Efluvios de tristeza inundaban el corazón de la mujer. No olvidaré jamás sus ojos, sus labios, su nariz, sus lágrimas. Pareciera que el tiempo nos juega una mala broma al acercanos sin saber y con sorpresa a la dimensión más difícil que puede comprender el ser humano: la muerte. Me hace reflexionar sobre la revelación de la angustia y del dasein que sin querer, se nos presenta como ente lacónico e indefectible. Mis manos sobre las suyas dejaban sentir el paso de los años y lo áspero de su naturaleza pues no es fácil ser madre. ¡Valor madre mía! ¡Valor! En tan doloroso brete ya no existen las palabras, ya no existe ni la cobardía o el coraje, mucho menos la felicidad ni la tristeza, sólo queda decantado un sentimiento de impotencia y desde luego, el sufrimiento más agudo que podemos experimentar, la soledad. Quisiera ser el suprahombre nietzscheano para confrontar con denuedo esta situación que me cala en lo profundo de mi mente; subir a la palestra de las emociones y encarar a los demonios arcangélicos que con veleidoso interés me sumergen en las aguas de la duda y la incertidumbre. No puedo hacerme el indolente pero sería engañarme al pretender imprimir en la imágen de aquél hombre, algun viso de cariño. Más bien, lo que siento es nostalgia compartida como por transitividad más no un sincero escarceo de afecto familiar. Me duele el dolor de mi mamá.

Sin duda que este evento provoca cierto anquilosamiento en la dinámica de mi vida; fui un tonto al pensar por momentos, breves instantes, que el último aliento, propio de nuestra facultad vitalicia, puede dedicarse a las personas que más queremos. ¡Candidez mía! Podría terminar en un hospital psiquiátrico, olvidado, anónimo, así como Mozart que ahora descansa en una fosa común. Me parece que no es posible mantener una actitud lozana ante la ira del viento del devenir, ante el soplo del cambio y la incertidumbre. Vida, ¿por qué eres draconiana? ¿Será que la naturaleza humana, tan debatida por filósofos, es necesaria ante nuestra falta de inocuidad? Esto es la crónica de una tórrida espada que atraviesa la frente aniquilando facultades cognitivas y caldeando la esfera que solemos negar, esa esfera que contiene nuestro miedo, el complejo de imposibilidad existencial que es la esfera del infierno. Y de repente, sentimos el gélido soplido de la neurastenia acercándose como una brizna que anuncia la tormenta, justo en la nuca. No quiero pensar por ahora en lo abyecta de la condición humana, en ese compartir el paroxismo general causado por los eventos que con insistencia pretendemos sepultar. Al contrario, nosotros terminamos sepultados. Por ahora sólo extraño lo exultante de la vida y el espolearme a partir de los eventos que llamo efímeros trascendentales. Me pregunto si alguien comprenderá esto alguna vez. ¿Qué implica? la disolución de las disyuntivas, de la lógica de la afirmación y la negación. ¿Qué defiente? La libertad, apología al aluvión de menudencias kosmológicas que son la verdadera fenomenología de nuestro ser. ¿Acaso taciturna reflexión? ¿Por qué te burlas con mordacidad de los vivos? Cotilleas nuestras vidas y arrebatas las más ilustres pulsiones. Encadenas aspiraciones y siembras desavenencias en el comportamiento humano. No sabes cómo te odio. ¡Vade retro muerte! ¡Vade retro! Soy un obcecado al negar la necrópolis del recuerdo humano. ¡Anatema y emoción!

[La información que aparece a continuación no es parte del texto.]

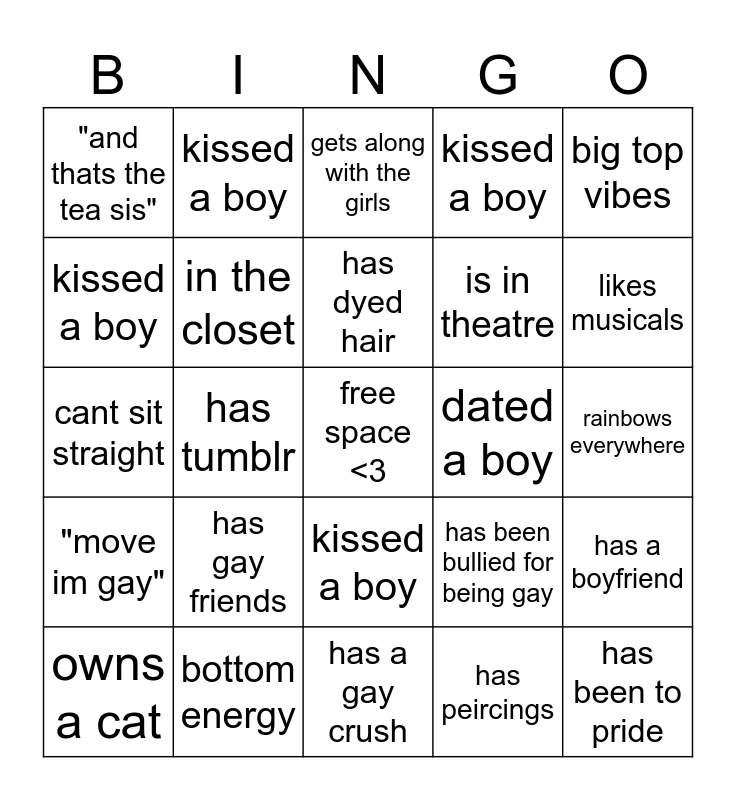This bingo card has a free space and 29 words: kissed a boy, bottom energy, gets along with the girls, owns a pride flag, big top vibes, "and thats the tea sis", in the closet, has dyed hair, dated a boy, has a boyfriend, owns a cat, has tumblr, has peircings, has been to pride, cant sit straight, is out to 3+ people, has a gay crush, has been bullied for being gay, likes musicals, "move im gay", has gay friends, is out to parents, is in theatre, rainbows everywhere, kissed a boy, kissed a boy, kissed a boy, kissed a boy and kissed a boy.

Subí las escaleras y encontré a mi madre alicaída y con la vista perdida. Me senté a su lado y la abracé. Aquellas arrugas en los ojos y en las manos son saudade de juventud pletórica, de ideas, acciones y reacciones. Ahora sólo rezumaban el vacío nauseabundo que incita a cuestionar o al estoicismo. Ira o enojo se asoman tímidamente, más conozco la voluntad de mi madre y alcanzo a distinguir en su mirada, en esos hermosos ojos verdes, un destello irizado que reconozco inmediatamente: esperanza. Unos segundos en silencio y el mundo de repente es instante eterno. Con increíble tranquilidad alza la vista, pestañea un par de veces y comenta: Hasta luego papá.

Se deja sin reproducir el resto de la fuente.